Q. What has been your greatest obstacle and how have you overcome it?

A. I think one of my obstacles has always been fear that I wouldn’t be able to do something well enough. That I just wouldn’t be good enough. The way I’ve overcome it is to just keep doing it. To keep trying, to keep saying yes to everything’s that’s offered to me and give it my best shot.

Q. How do you spend your time away from art and teaching?

A. I don’t have very much time away from art and teaching. But I like bird watching. My husband and I go all over the world to look at birds, which is a great excuse for being outdoors and in beautiful places. Learning about birds is beautiful. I like to garden, except in the summer, and hiking outdoors is a favorite pastime. I also enjoy traveling and reading.

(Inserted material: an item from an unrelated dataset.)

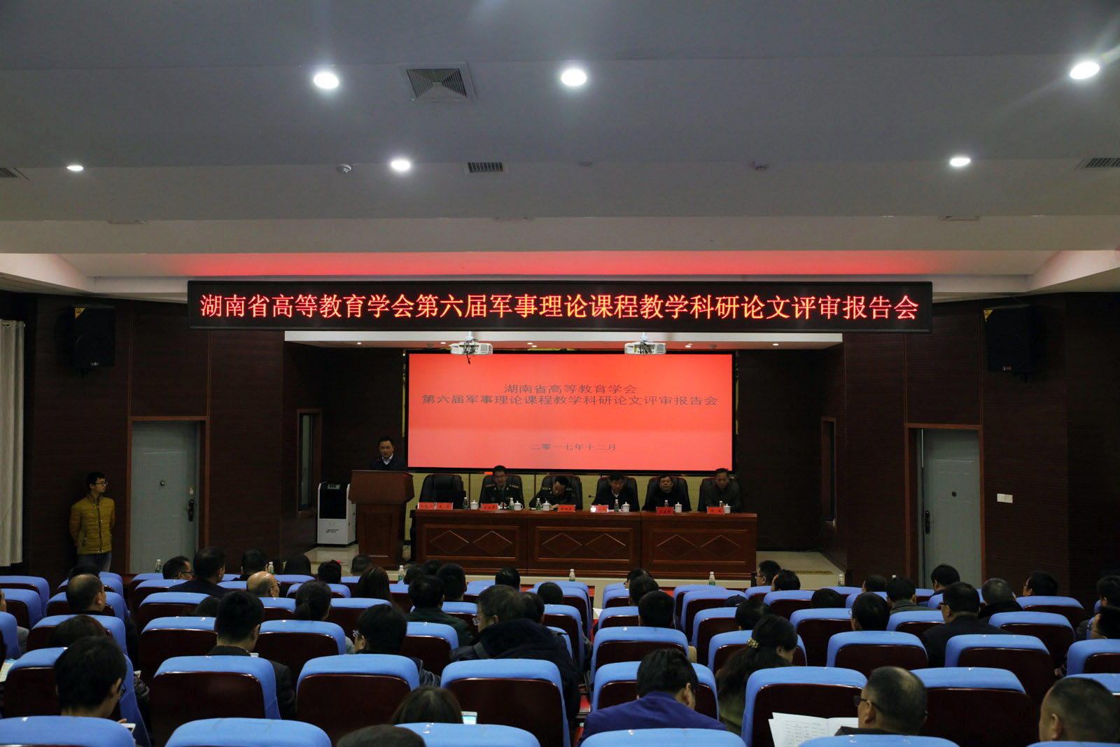 (本网讯)12月22日,湖南省第六届高校军事理论课程教学科研论文评审报告会暨高等教育学会第九届国防教育专业委员会2017年年会在永利官网建规楼121学术报告厅隆重举行。国防科技大学大校李正军教授、湖南省学生军训办公室专职副主任余旭东、湖南省教育厅体卫艺处主任科员王宇、湖南省教育厅体卫艺处原正处级调研员文麦秋,副校长谭献良出席开幕式。各高校武装部负责人及会员单位120余人出席会议。

Q. What do you think about the stigma that art is not a lucrative profession?

A. I think there’s some truth to that. It’s tricky to make a good living in the arts. The people that choose this as their profession must be passionate about it. They must really want that to be their life and be willing to be poor sometimes and to have more income other times. But you can’t be sure with any profession. You just do the best you can, you apply for all the jobs in the case of artists, you try to get in shows, and you try to get a gallery to represent you. Or you get more education so you can get a teaching job and work your way up. If you get an undergraduate degree to teach art, then you can teach at a community college like here, or the university. It’s not so easy to get those jobs, but that’s a very steady income.

Q. What are your biggest achievements in terms of art?

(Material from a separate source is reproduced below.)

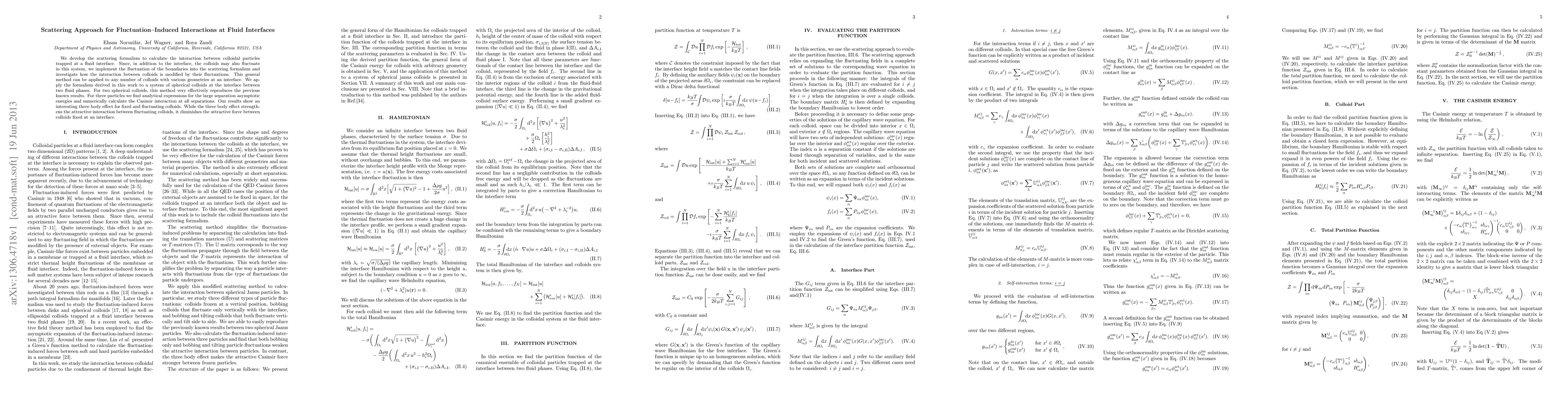 This paper develops a scattering formalism to analyze interactions between colloidal particles at fluid interfaces, incorporating boundary fluctuations. It applies this method to spherical colloids, showing that three-body effects enhance attraction for fluctuating colloids but reduce it for fixed ones.

A. I have designed, planned and run study abroad programs for SMU in southern Mexico, Italy and Spain. It was a huge amount of work and research to set up, but also a wonderful experience because I still take students to other countries and teach them about those cultures and works of art in the regions on site. I’m proud of that work.

Q. If you weren’t an art professor, what discipline would you have taken?

A. A wildlife biologist. In high school I was interested in wolves or something, but now I can see I would be studying birds. I’m 68. If I were younger, with my current interests, I would study birds or forests. Growing up, my family always went camping. On family vacations we drove all over the United States to national and state parks. My parents were really interested in nature and wilderness. I just grew up respecting nature and wanting to know more.

Q. Is there anything you would like the readers to know about you?

A. Know I’m thankful to be here with the students of Eastfield. I’m very thankful for this community. In my classes I have students from 16 years old to 85 years old, maybe older, with every kind of background and interest. And it’s the perfect place for me to be. I’m thankful for the opportunity to teach here.